• SUPPLIED MATERIAL
* * * * *

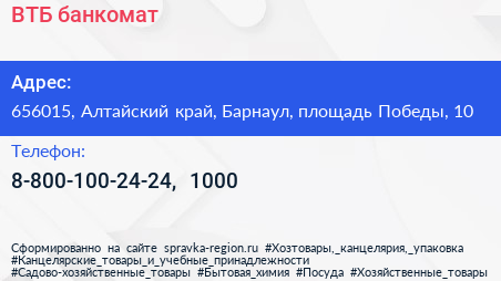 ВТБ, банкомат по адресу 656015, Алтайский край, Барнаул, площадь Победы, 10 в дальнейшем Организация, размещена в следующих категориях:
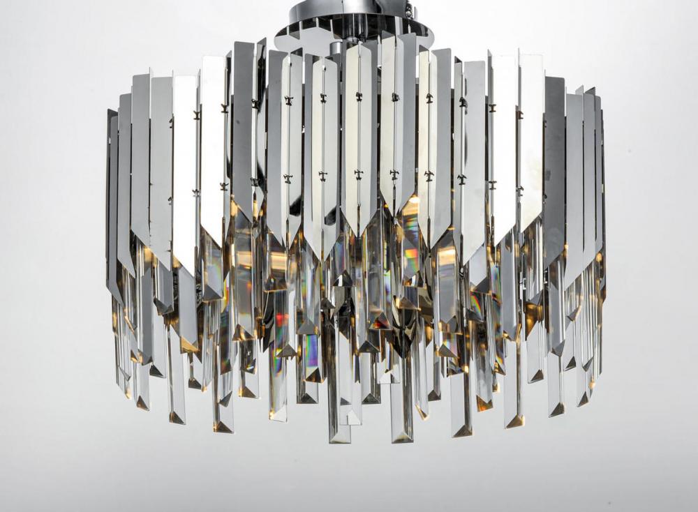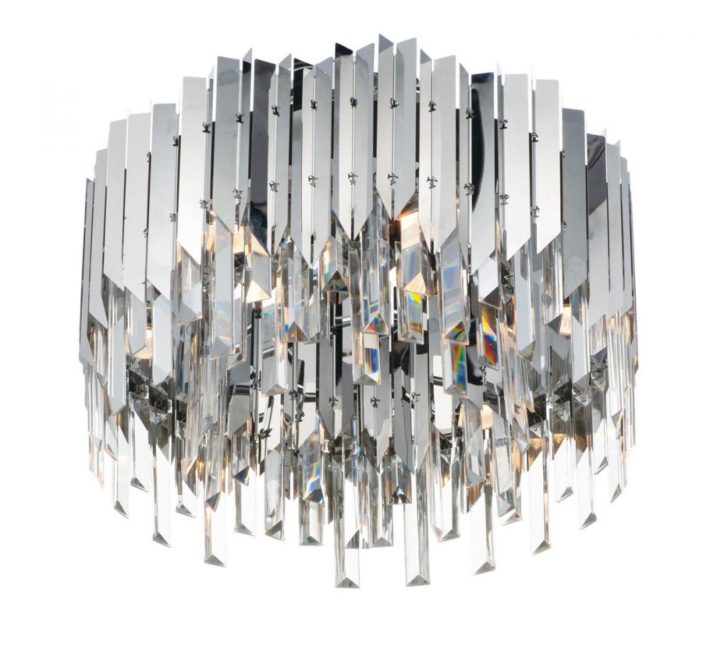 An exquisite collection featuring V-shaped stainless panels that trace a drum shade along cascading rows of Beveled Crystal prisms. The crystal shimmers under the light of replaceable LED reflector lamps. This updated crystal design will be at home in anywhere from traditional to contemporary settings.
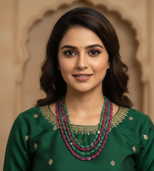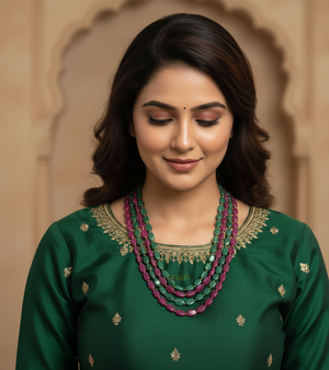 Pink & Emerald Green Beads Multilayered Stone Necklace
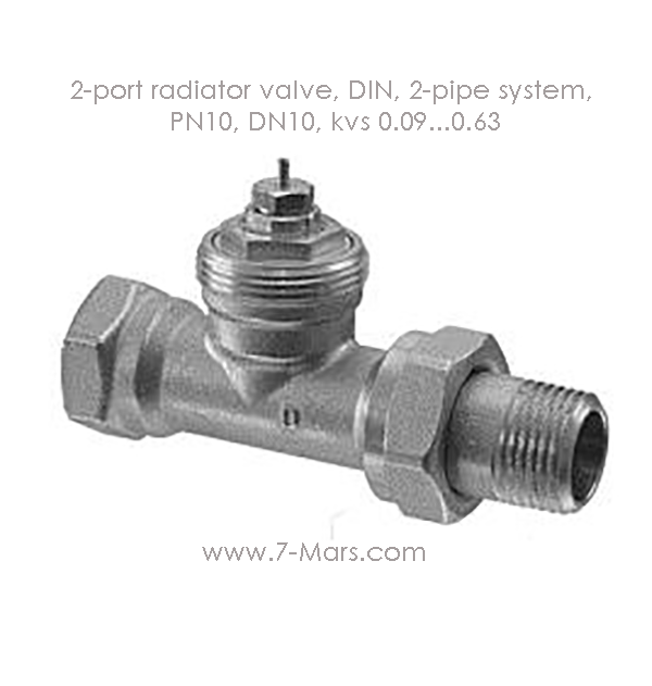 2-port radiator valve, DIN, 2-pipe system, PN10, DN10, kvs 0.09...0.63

* * * * *

• WORK REQUIRED
All of the data above must be printed exactly, minus its pictures.

• RESPONSE TO THE EXERCISE
 ВТБ, банкомат по адресу 656015, Алтайский край, Барнаул, площадь Победы, 10 в дальнейшем Организация, размещена в следующих категориях:
 An exquisite collection featuring V-shaped stainless panels that trace a drum shade along cascading rows of Beveled Crystal prisms. The crystal shimmers under the light of replaceable LED reflector lamps. This updated crystal design will be at home in anywhere from traditional to contemporary settings.
 Pink & Emerald Green Beads Multilayered Stone Necklace
 2-port radiator valve, DIN, 2-pipe system, PN10, DN10, kvs 0.09...0.63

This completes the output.